[[ EXTRACTED MATERIAL, beginning ]]

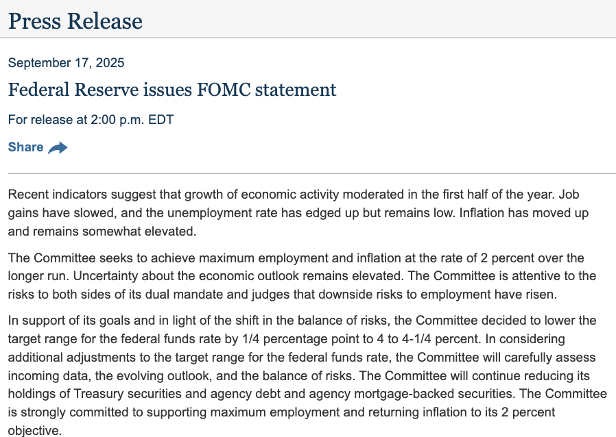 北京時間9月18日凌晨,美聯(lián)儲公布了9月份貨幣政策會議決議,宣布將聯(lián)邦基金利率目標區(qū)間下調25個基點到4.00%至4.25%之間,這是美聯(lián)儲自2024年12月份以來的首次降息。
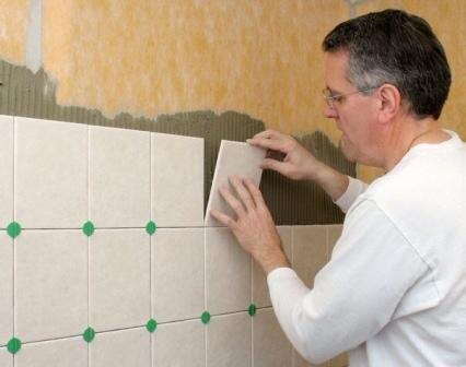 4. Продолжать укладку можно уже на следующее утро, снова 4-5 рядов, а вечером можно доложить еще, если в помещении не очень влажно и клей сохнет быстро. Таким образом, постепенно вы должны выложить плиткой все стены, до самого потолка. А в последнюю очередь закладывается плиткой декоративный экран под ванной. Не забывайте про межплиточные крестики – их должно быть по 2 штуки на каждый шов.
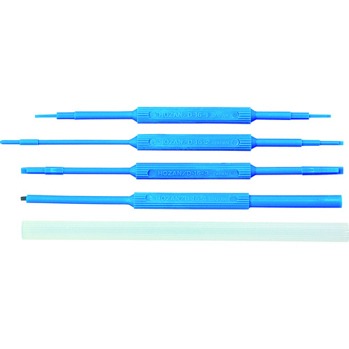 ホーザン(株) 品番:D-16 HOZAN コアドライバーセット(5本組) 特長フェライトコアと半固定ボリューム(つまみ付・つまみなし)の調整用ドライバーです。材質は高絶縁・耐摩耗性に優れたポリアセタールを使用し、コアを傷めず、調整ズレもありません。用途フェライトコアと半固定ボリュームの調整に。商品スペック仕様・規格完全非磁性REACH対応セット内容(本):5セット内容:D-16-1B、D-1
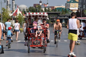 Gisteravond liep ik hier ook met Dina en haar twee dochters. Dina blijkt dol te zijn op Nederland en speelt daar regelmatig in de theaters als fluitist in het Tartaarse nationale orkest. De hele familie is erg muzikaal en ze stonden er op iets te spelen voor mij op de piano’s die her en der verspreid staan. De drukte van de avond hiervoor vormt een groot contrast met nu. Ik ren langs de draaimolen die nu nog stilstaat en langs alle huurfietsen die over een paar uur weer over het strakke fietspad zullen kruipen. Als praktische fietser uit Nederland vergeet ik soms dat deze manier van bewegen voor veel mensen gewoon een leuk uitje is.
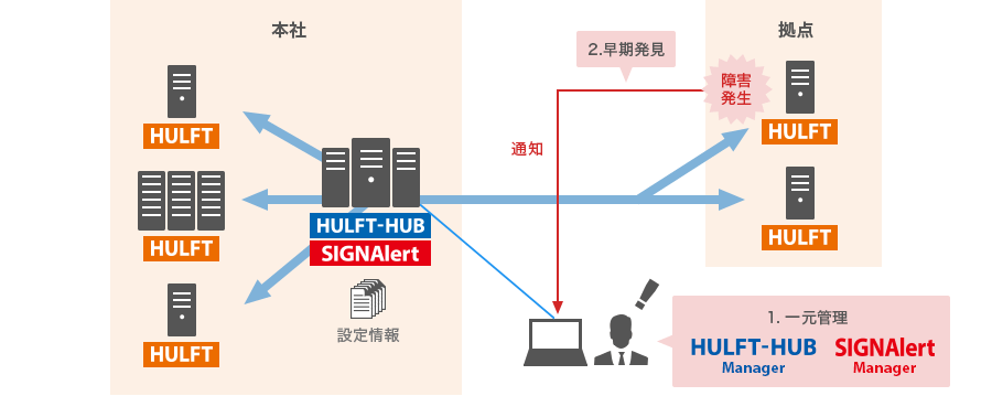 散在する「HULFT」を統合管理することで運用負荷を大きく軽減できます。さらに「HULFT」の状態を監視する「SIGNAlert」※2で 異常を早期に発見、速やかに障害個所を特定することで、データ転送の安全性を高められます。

[[ EXTRACTED MATERIAL, end ]]
[[ EXTRACTED MATERIAL, beginning ]]

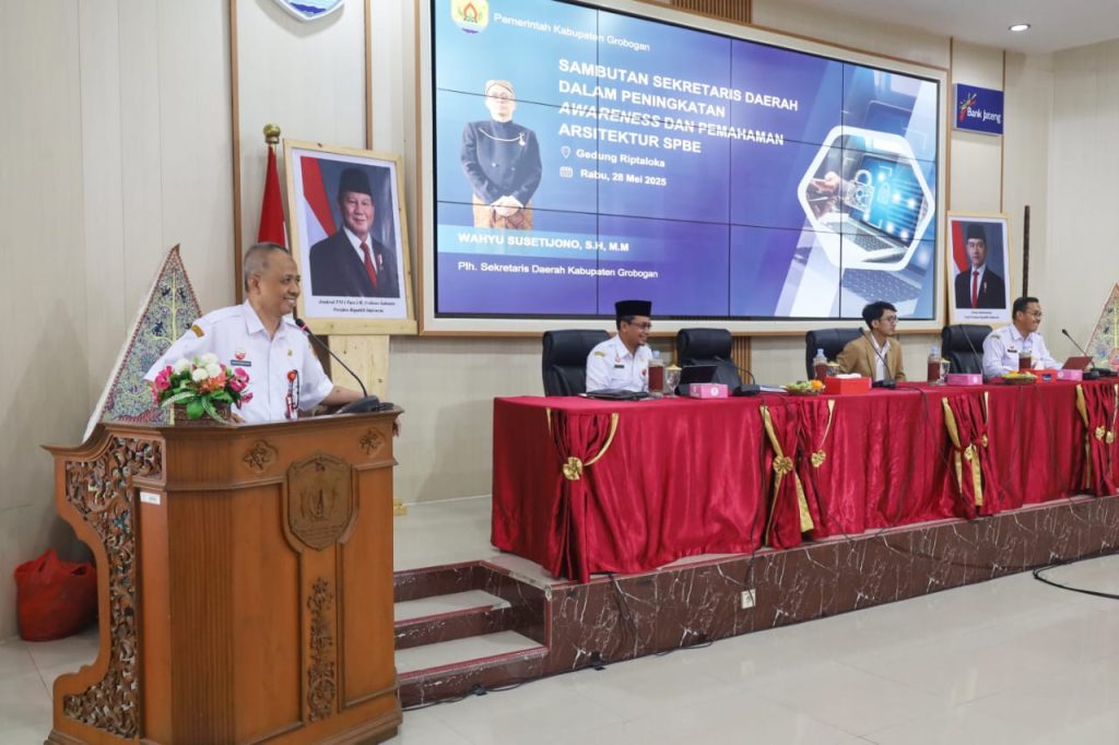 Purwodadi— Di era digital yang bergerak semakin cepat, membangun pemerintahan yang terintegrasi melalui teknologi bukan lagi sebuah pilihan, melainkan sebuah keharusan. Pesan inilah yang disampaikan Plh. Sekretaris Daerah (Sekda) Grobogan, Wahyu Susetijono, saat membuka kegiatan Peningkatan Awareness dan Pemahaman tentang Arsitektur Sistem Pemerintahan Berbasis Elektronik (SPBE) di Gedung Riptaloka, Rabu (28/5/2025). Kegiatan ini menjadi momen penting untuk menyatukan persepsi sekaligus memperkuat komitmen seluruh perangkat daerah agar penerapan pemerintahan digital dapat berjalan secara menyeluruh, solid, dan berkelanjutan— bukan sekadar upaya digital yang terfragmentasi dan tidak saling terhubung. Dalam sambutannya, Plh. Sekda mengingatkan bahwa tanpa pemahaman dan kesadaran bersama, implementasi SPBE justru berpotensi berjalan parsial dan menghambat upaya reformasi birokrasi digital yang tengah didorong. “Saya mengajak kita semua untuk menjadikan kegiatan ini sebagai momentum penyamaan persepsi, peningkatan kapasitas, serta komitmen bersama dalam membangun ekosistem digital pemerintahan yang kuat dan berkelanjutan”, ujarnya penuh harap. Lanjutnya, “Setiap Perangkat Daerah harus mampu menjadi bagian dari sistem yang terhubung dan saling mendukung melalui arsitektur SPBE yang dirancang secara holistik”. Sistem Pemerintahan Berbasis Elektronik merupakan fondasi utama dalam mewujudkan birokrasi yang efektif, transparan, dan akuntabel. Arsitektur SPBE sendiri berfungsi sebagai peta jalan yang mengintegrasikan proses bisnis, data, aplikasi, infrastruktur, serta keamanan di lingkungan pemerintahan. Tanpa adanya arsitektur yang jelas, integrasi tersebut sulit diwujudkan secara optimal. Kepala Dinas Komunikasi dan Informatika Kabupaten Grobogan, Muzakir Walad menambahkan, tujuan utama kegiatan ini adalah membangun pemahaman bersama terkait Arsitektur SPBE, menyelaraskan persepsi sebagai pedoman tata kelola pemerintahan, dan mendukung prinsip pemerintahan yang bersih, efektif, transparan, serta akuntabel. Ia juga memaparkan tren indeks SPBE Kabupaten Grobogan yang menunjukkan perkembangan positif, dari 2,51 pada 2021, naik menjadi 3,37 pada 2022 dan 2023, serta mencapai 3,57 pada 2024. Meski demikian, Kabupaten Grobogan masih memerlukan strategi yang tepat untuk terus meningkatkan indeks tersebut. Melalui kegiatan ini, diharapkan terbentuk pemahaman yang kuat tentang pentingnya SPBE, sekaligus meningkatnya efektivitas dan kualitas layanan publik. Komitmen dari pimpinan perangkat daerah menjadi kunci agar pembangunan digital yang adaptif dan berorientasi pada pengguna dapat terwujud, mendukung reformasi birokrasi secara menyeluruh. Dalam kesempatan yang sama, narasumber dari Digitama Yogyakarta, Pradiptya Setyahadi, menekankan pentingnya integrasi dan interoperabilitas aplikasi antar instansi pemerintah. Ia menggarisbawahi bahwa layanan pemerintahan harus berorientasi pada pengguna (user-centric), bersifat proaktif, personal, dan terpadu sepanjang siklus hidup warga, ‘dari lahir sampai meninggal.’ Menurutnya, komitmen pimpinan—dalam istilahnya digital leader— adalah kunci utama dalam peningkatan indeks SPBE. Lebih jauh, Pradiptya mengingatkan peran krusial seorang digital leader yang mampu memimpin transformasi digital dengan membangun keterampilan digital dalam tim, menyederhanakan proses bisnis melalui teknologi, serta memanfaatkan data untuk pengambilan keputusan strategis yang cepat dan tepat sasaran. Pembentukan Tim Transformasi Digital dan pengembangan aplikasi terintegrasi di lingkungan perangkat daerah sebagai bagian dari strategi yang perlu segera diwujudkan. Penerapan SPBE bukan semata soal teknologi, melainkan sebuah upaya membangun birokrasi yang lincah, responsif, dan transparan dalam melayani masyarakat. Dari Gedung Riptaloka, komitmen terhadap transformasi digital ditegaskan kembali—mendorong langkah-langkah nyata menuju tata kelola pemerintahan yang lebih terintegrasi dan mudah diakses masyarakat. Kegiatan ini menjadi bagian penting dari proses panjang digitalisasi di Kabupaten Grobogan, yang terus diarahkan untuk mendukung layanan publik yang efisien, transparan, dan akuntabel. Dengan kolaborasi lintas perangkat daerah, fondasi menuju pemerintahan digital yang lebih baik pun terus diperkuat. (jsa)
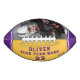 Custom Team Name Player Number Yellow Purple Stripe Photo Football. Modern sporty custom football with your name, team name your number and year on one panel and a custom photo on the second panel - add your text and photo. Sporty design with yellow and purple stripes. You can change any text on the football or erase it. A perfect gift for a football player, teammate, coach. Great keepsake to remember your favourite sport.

[[ EXTRACTED MATERIAL, end ]]
[[ EXTRACTED MATERIAL, beginning ]]

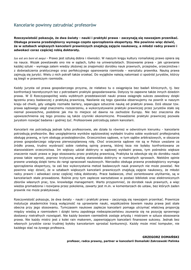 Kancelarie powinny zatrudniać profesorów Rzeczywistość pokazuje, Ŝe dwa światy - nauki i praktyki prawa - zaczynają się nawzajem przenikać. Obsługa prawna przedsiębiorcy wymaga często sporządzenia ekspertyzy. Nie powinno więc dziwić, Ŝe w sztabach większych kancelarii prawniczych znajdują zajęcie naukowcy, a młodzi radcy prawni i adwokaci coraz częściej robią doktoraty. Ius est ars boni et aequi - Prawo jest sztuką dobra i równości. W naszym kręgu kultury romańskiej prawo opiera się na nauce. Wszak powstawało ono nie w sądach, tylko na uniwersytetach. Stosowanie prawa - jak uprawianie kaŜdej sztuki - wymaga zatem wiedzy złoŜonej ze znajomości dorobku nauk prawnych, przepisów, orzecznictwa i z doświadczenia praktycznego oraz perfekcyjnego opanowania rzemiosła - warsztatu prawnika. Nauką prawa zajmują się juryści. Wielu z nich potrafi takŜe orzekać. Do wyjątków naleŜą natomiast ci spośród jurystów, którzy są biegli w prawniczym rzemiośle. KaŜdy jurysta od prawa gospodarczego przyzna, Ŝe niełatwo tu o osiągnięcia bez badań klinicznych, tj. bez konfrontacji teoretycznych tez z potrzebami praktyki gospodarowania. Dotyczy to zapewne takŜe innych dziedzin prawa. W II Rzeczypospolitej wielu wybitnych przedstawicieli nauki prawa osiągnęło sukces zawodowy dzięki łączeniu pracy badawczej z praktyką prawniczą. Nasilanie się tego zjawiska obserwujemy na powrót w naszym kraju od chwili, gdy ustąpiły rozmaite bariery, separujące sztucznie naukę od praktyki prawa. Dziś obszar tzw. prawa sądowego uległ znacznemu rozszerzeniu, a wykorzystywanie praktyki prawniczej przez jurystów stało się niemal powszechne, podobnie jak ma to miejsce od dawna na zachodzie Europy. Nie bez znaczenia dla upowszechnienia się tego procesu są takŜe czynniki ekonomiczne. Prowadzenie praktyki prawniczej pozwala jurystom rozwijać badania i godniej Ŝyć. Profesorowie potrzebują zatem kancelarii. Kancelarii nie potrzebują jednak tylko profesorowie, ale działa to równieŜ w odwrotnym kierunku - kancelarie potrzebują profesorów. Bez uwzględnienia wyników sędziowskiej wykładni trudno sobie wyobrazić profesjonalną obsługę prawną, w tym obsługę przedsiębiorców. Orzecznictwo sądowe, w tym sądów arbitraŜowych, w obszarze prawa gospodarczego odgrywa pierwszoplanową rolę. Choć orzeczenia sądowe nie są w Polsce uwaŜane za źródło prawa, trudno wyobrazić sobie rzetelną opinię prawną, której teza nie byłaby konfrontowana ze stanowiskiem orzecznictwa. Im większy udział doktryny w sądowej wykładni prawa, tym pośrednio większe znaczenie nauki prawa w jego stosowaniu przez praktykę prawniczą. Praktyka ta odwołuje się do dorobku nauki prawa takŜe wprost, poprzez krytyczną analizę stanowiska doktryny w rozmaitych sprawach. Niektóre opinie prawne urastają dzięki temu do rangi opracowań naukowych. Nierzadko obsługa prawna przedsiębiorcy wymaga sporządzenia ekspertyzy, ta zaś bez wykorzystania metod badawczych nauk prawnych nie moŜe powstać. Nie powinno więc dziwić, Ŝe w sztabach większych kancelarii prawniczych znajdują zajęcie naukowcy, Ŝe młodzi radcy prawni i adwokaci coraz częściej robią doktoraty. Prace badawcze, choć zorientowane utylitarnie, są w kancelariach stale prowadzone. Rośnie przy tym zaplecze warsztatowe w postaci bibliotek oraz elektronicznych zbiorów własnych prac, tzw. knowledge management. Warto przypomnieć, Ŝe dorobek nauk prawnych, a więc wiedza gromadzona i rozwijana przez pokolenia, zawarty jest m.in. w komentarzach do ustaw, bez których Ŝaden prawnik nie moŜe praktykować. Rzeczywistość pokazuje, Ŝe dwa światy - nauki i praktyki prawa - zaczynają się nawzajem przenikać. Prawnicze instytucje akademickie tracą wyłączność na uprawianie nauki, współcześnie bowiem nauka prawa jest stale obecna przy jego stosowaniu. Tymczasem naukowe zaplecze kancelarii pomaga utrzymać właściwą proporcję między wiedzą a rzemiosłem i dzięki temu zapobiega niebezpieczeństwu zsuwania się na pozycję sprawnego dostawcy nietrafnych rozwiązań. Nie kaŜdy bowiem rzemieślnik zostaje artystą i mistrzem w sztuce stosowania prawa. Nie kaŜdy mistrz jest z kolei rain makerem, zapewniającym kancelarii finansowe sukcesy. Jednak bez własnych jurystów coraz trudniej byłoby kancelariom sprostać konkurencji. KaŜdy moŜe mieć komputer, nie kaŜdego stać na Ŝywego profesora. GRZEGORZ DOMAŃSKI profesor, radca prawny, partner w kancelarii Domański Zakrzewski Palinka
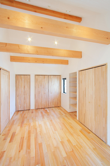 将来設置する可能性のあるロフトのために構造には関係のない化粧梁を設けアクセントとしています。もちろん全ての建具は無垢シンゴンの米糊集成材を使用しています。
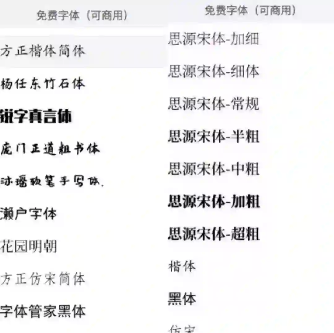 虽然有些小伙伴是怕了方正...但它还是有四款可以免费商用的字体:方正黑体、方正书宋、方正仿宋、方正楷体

[[ EXTRACTED MATERIAL, end ]]

→ **EXERCISE PROMPT**: Return exactly the lines of the material above, starting at the line containing "将来設置する可能性のあるロフ" and finishing at the line containing "虽然有些小伙伴是怕了方正..", without any pictures.

→ **EXERCISE RESULT**:
 将来設置する可能性のあるロフトのために構造には関係のない化粧梁を設けアクセントとしています。もちろん全ての建具は無垢シンゴンの米糊集成材を使用しています。
 虽然有些小伙伴是怕了方正...但它还是有四款可以免费商用的字体:方正黑体、方正书宋、方正仿宋、方正楷体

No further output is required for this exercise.